Liputan6.com, Jakarta - Badan Reserse Kriminal Polri menetapkan dokter Indra S sebagai tersangka atas dugaan peredaran vaksin palsu di Rumah Sakit Ibu dan Anak (RSIA) Harapan Bunda, Kramat Jati, Jakarta Timur. Pengacara dr Indra, Fahmi M Rajab mengklaim vaksin diduga palsu tersebut diperoleh dari sales berinsial S.
"Dia dapatkan itu dari sales berinisial S. Untuk harganya, kami belum tahu," kata Fahmi di Bareskrim Polri, Jakarta, Senin (18/7/2016).
Menurut dia, kliennya sempat kekurangan stok vaksin pada Januari 2016. Oleh karena itu, dr Indra mencari sendiri stok vaksin dari sejumlah sales yang menawarkan.
Advertisement
Selama mencari vaksin, dr Indra sama sekali tidak mengecek keaslian vaksin. Fahmi berkilah, hal itu bukanlah kewajiban dari seorang dokter.
"Karena itu bukan kewajiban dokter untuk lihat palsu apa enggak. Indra sebelum dapat vaksin itu, ditanya juga.

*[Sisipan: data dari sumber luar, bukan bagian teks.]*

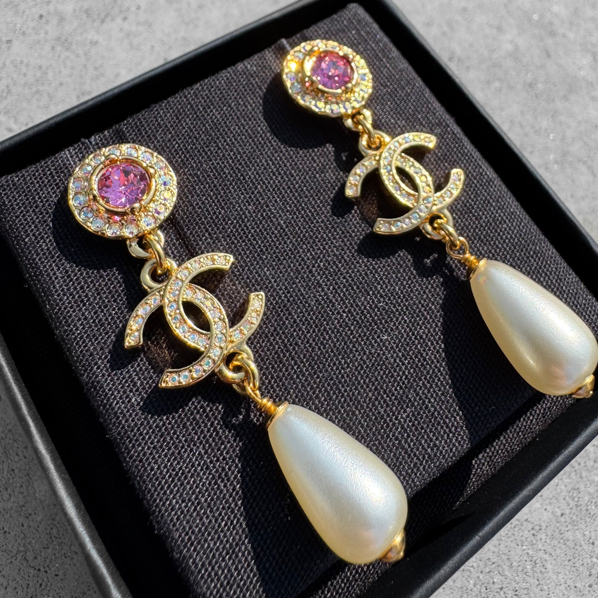 Make a Statement. Gold-tone metal earrings with sparkling crystal embellishment and pearl drop.

Pada Januari ada kekosongan vaksin. Ada beberapa pasien yang cari vaksin ke dokter Indra. Tapi ada kekosongan," ujar Fahmi.
Dia mengatakan dr Indra hanya menanyakan ke sales yang menawarkan vaksin soal keasliannya. "Dokter Indra mencari sales yang dari perusahaan yang biasa menyuplai obat. Dokter Indra sempat menanyakan, ini asli atau enggak. Ini asli katanya (sales)," ujar Fahmi.
Baca Juga
Cara Bedakan Vaksin
Direktur Tindak Pidana Ekonomi dan Khusus Bareskrim Polri Brigjen Polisi Agung Setya mengatakan ada cara mudah untuk membedakan vaksin yang asli dan palsu.
Caranya, dengan membandingkan harga kedua vaksin itu. Harga vaksin asli biasanya dibanderol Rp 900 ribu, sedangkan yang palsu hanya Rp 300 ribu.
Namun, Fahmi membantah kliennya kecolongan ketika membedakan mana vaksin yang asli mana yang palsu. Menurut dia, dr Indra hanya ingin memenuhi permintaan pasien sedangkan stok vaksin sudah tidak ada.
"Saya belom ke sana arahnya (harga vaksin). Permasalahannya kan (stok vaksin) kosong. Karena ada kebutuhan dari pasien," ucap.
Berdasarkan pengakuan dr Indra, Fahmi menjelaskan kelangkaan vaksin palsu di RSIA Harapan Bunda terjadi pada Januari 2016. Sehingga kliennya berinisiatif mencarikan vaksin untuk permintaan pasien.
"Februari dokter Indra mencari karena ada kebutuhan pasien. Baru dapat vaksin itu. Dia gunakan ke pasien-pasiennya," imbuh dia.
Sebelumnya, penyidik Direktorat Tindak Pidana Ekonomi dan Khusus Bareskrim Polri menetapkan tiga dokter sebagai tersangka atas kasus dugaan pemalsuan vaksin. Mereka adalah dokter AR, H, dan I.
Total tersangka atas kasus ini berjumlah menjadi 23 orang. Ke-23 tersangka itu terdiri dari enam produsen, sembilan distributor, dua pengumpul botol bekas, satu pemalsu label, dua bidan, dan tiga dokter.
"Kami sudah tetapkan 23 tersangka. Ada penambahan kemarin tiga (orang). Terdiri dari beberapa peran," kata Direktur Tindak Pidana Ekonomi dan Khusus Bareskrim Pori, Brigjen Agung Setya Adi Bareskrim Mabes Polri, Jakarta, Jumat 15 Juli 2016 lalu.